I implemented it with actix here GitHub - ConSol/grpc-petshop-rs: Showcasing minimalistic full-stack project using gRPC with a Rust backend and a Browser frontend., but in the meantime I like axum much more and it's the same idea. It generates the interface code. Changing the contract will automatically update the code.

It's actually nice to see this exists now (it didn't when I was testing the waters with gRPC in 2019/2020). gRPC-Web itself still doesn't support streaming, though[1]. That might matter to your application (it was a dealbreaker for us at the time).

Tonic also didn't have reflection protocol support back then, and I kind of wonder how usable it is in practice (we would have needed it, ugh, for reasons).

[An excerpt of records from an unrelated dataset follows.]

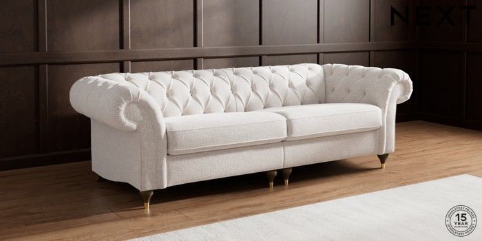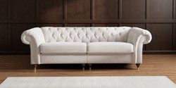 Bring timeless charm and comfort into your home with the Gosford Chesterfield. This sofa boasts stunning hand-crafted deep buttoning and is built for lasting support. Its unique "Firmer Sit" seat cushions offer ultimate comfort and durability, always returning to their neat, tailored shape. These cushions are low-maintenance and reversible—just rotate and plump them regularly to keep them looking fresh. We've also added luxurious scatter cushions for extra cosiness. Personalise your Gosford by selecting from a wide array of fabrics and various feet options.
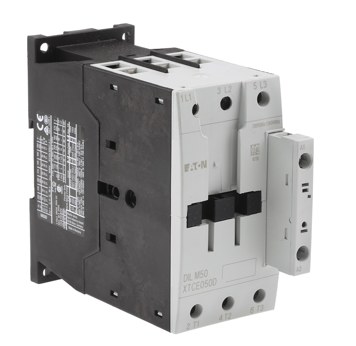 This is xStart DILM 3 Pole Contactor - 50 A 230 V ac Coil 3NO 22 kW manufactured by Eaton. The manufacturer part number is 277838 DILM50(230V50/60HZ). The coil voltage of the product is 230 v ac. It has 3 pole and throw configuration. Furthermore, the product is 77 mm wide. It performs basic function of motor control, resistive load. contactor is a versatile product designed to provide user-defined applications. It has a maximum operating temperature of 45°c. The terminal is a screw clamp type. Its accurate length is 115mm. In addition, it has a standard 1 no auxiliary contact configuration . It has a surface type mount . The product dilm, is a highly preferred choice for users. The product comes in 147mm depth. The normal state configuration includes 3 no. Moreover, it has about 400v contact voltage . Feature 22kw of power rating. It has equipped with 3 poles. Whereas, the minimum operating temperature of the product is -25°c.
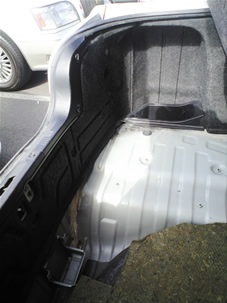シーラーに乱れがあるのが確認できますね。ついでにトランクフロアにしわもあります。
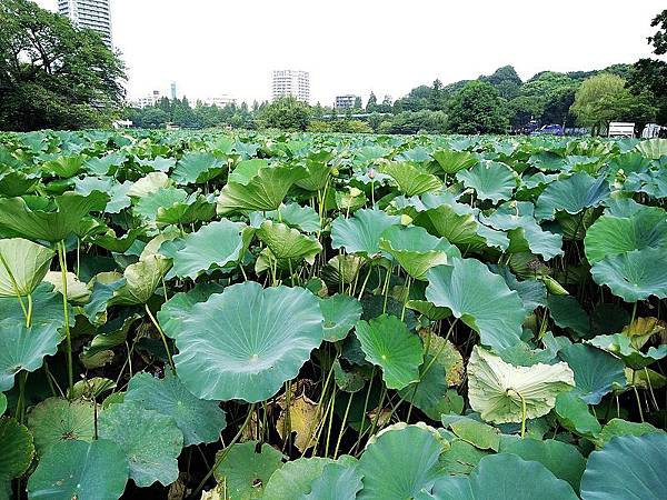 上野公園裡面還有一個很大的池叫不忍池,我去的時候剛好都開著滿滿荷葉的盛況。
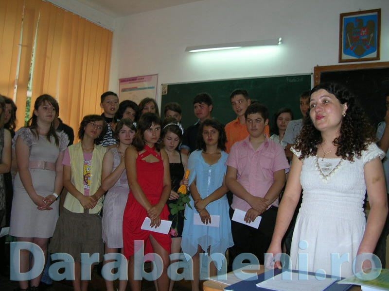 Joi a avut loc festivitatea de absolvire a celor 33 de elevi de clasa a VIII-a din cadrul Grupului Şcolar Darabani. Diriginta clasei, prof. Marinela Prisăcariu, a strigat pentru ultima dată catalogul. Cea mai înaltă treaptă a podiumului clasei a fost ocupată de eleva Smărăndiţa David, căreia i-a fost înmânată şi medalia de bronz obţinută la concursul naţional de matematică „Euclid” plus o menţiune la olimpiada de istorie. Al doilea elev al clasei a fost Şerban Bărănceanu care şi-a adjudecat şi premiul al III-lea la concursul de matematică „Năstăsescu”, pentru care urmează să primească medalia de bronz. Alexandra Zvorişteanu a ocupat cea de a treia treaptă a podiumului micilor absolvenţi plus o diplomă pentru clasarea pe locul secund la centrul judeţean de evaluare în cadrul concursului naţional de matematică „Năstăsescu”. De asemenea, absolvenţii ciclului gimnazial au fost recompensaţi de către directorul Alin Prisăcariu cu diplome pentru rezultatele obţinute la alte concursuri şcolare. Elevii au intrat deja în febra examenului de admitere la liceu care va debuta în 20 iunie cu teza la limba română, iar două zile mai târziu cu cea la matematică. (Ionel Bichir, text şi foto
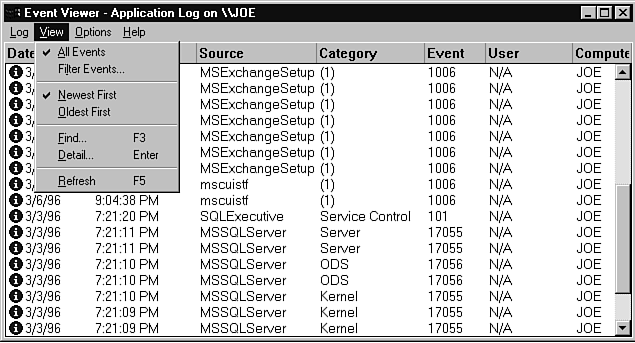 One final set of controls you have in the Event Viewer tool is shown in Figure 24.10. I have already covered the All Events and Filter Events options. This menu also gives you the option of displaying the events from earliest to latest or latest to earliest event. The Find dialog looks similar to the Filter dialog, but instead of limiting what is displayed, it takes you to the records that meet your input criteria. The Detail option is similar to double-clicking a particular event. Finally, Refresh updates the display with any new events.

I think it's still a good fit for some use cases.
(Just be aware of what you are buying. [2] [3])


  1. I guess they can't decide on WebSocket semantics or something? We have the technology, that isn't what's holding it up. The "least common denominator" argument it pretty weak, IMHO. Might as well be arguing in favor of supporting HTTP/1.0, or heck "HTTP/0.9" user agents... https://github.com/grpc/grpc-web/blob/master/doc/streaming-roadmap.md ↩︎

  2. Introducing DRPC: Our Replacement for gRPC ↩︎

  3. https://www.redhat.com/architect/when-to-avoid-grpc ↩︎

1 Like

@claytonwramsey - thank you for this pointer. In the end, after some further analysis, this is exactly what I was looking for. I've marked this as answer.